**Work instructions**
Where an image appears, leave it out; otherwise repeat the data exactly.

**Material for this exercise**

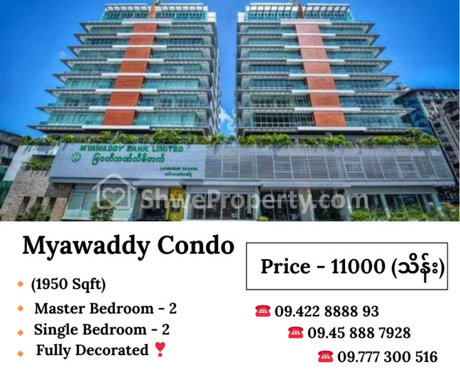 အိမ်ခြံမြေ အမည် : လမ်းမတော်မြို့နယ် ၊ မြဝတီကွန်ဒို ၊(1950 Sqft) , For Sale
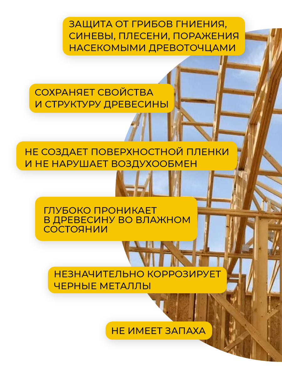 Антисептик хмбб произведён по ГОСТ 28815-18. Антисептик предназначен для защиты деревянных строительных конструкций от биологического разрушения (грибов гниения, синевы, плесени, поражения насекомыми древоточцами) в условиях умеренного вымывания, промерзания, контакта с периодически увлажняемыми материалами. Объекты зашиты: каркасные дома, срубы, лаги, стропила, балки, несущие брусья, перекрытия и т. п.
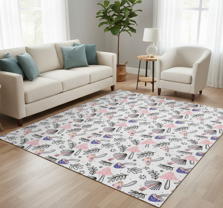 The Flower vinyl rug with classic mushrooms and flowers is the perfect choice for those looking to elevate their home decor. Imagine walking into a room adorned with this exquisite flower vinyl rug, instantly brightening the atmosphere and sparking joy. Not only does it serve as a stylish focal point, but it also offers a cozy and inviting feel that makes your home warm and welcoming!
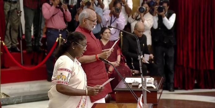 नवी दिल्ली, राष्ट्रपती द्रौपदी मुर्मू यांनी देशाचे १५ वे उपराष्ट्रपती म्हणून सी.पी. राधाकृष्णन यांना राष्ट्रपती भवनातील गणतंत्र मंडपम येथे पदाची आणि गोपनीयतेची शपथ दिली.
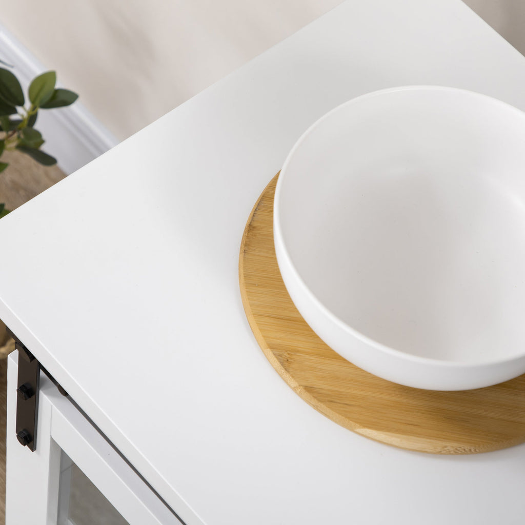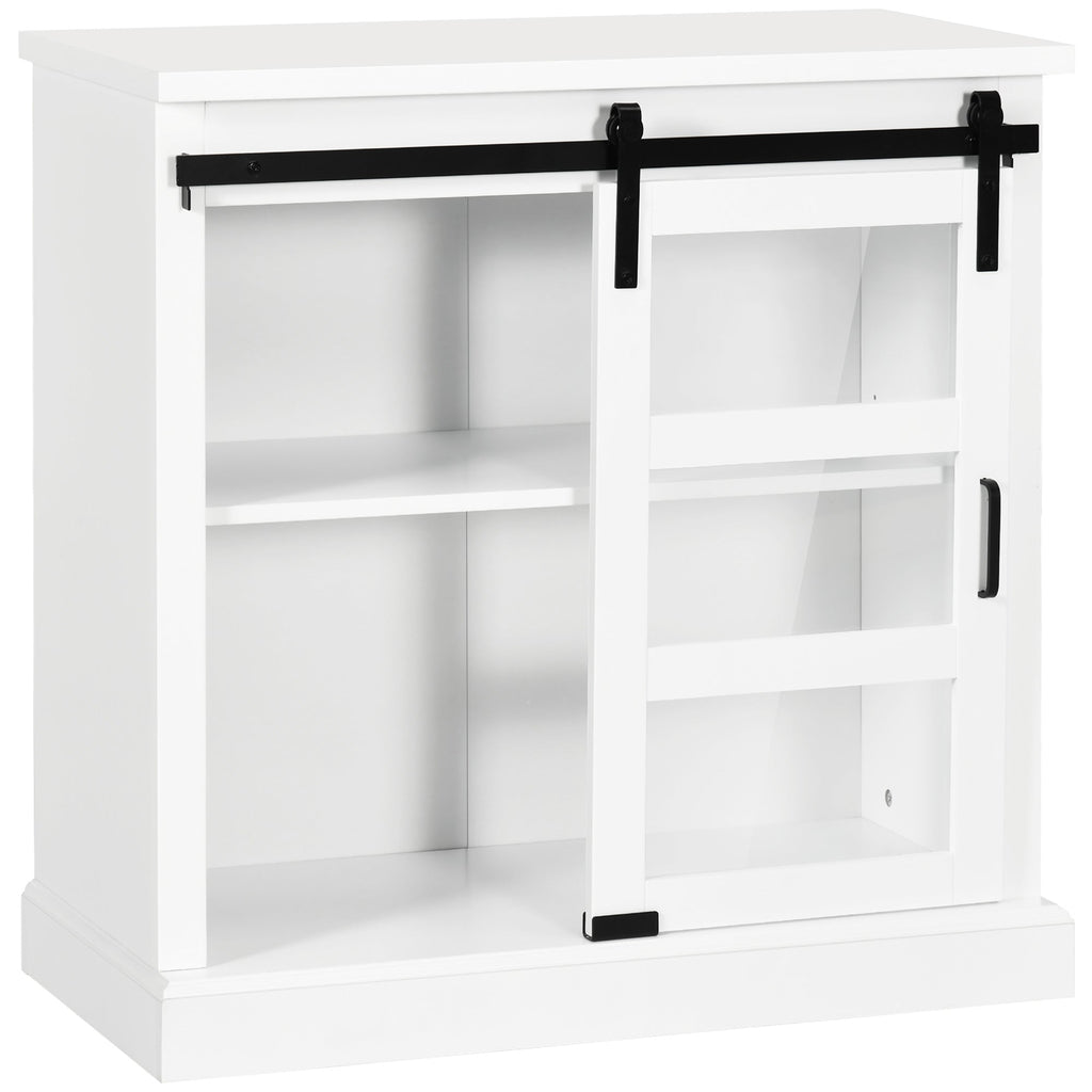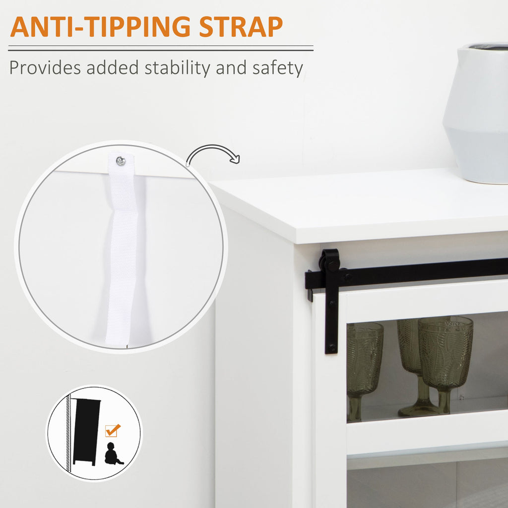 Add a touch of farmhouse charm to your home with this stylish and functional sideboard cabinet. Designed for both beauty and practicality, it features a spacious top surface for displaying decorative items or serving dishes while offering ample storage behind its sliding tempered glass doors. The adjustable inner shelf provides flexibility, allowing you to customize the storage space for cookware, tableware, or other essentials. The smooth-gliding barn-style sliding door not only enhances the rustic appeal but also saves space while providing easy access to both sides of the cabinet. Whether used in the dining room as a buffet, in the living room as a coffee bar, or even in the kitchen for additional storage, this versatile piece complements any modern farmhouse decor. Crafted from a durable MDF frame with sturdy metal hardware, it ensures stability and longevity. For added safety, an anti-tilt strap is included to secure the unit to the wall, making it a reliable addition to your home. Assembly is required.
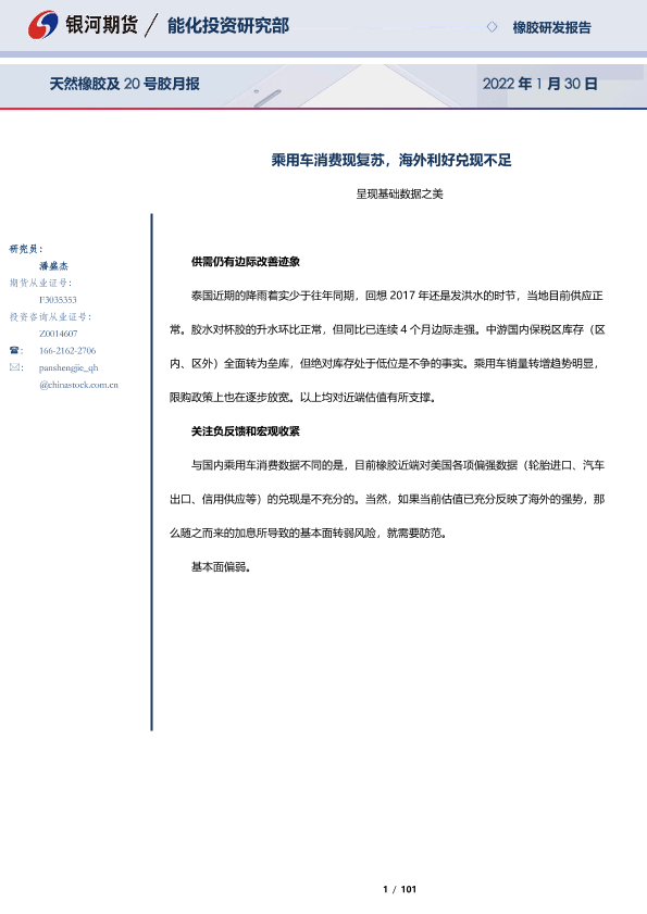 【银河期货】【20220130】天然橡胶及20号胶月报:呈现基础数据之美,乘用车消费现复苏,海外利好兑现不足-101页

**Answer to the problem**
 အိမ်ခြံမြေ အမည် : လမ်းမတော်မြို့နယ် ၊ မြဝတီကွန်ဒို ၊(1950 Sqft) , For Sale
 Антисептик хмбб произведён по ГОСТ 28815-18. Антисептик предназначен для защиты деревянных строительных конструкций от биологического разрушения (грибов гниения, синевы, плесени, поражения насекомыми древоточцами) в условиях умеренного вымывания, промерзания, контакта с периодически увлажняемыми материалами. Объекты зашиты: каркасные дома, срубы, лаги, стропила, балки, несущие брусья, перекрытия и т. п.
 The Flower vinyl rug with classic mushrooms and flowers is the perfect choice for those looking to elevate their home decor. Imagine walking into a room adorned with this exquisite flower vinyl rug, instantly brightening the atmosphere and sparking joy. Not only does it serve as a stylish focal point, but it also offers a cozy and inviting feel that makes your home warm and welcoming!
 नवी दिल्ली, राष्ट्रपती द्रौपदी मुर्मू यांनी देशाचे १५ वे उपराष्ट्रपती म्हणून सी.पी. राधाकृष्णन यांना राष्ट्रपती भवनातील गणतंत्र मंडपम येथे पदाची आणि गोपनीयतेची शपथ दिली.
 Add a touch of farmhouse charm to your home with this stylish and functional sideboard cabinet. Designed for both beauty and practicality, it features a spacious top surface for displaying decorative items or serving dishes while offering ample storage behind its sliding tempered glass doors. The adjustable inner shelf provides flexibility, allowing you to customize the storage space for cookware, tableware, or other essentials. The smooth-gliding barn-style sliding door not only enhances the rustic appeal but also saves space while providing easy access to both sides of the cabinet. Whether used in the dining room as a buffet, in the living room as a coffee bar, or even in the kitchen for additional storage, this versatile piece complements any modern farmhouse decor. Crafted from a durable MDF frame with sturdy metal hardware, it ensures stability and longevity. For added safety, an anti-tilt strap is included to secure the unit to the wall, making it a reliable addition to your home. Assembly is required.
 【银河期货】【20220130】天然橡胶及20号胶月报:呈现基础数据之美,乘用车消费现复苏,海外利好兑现不足-101页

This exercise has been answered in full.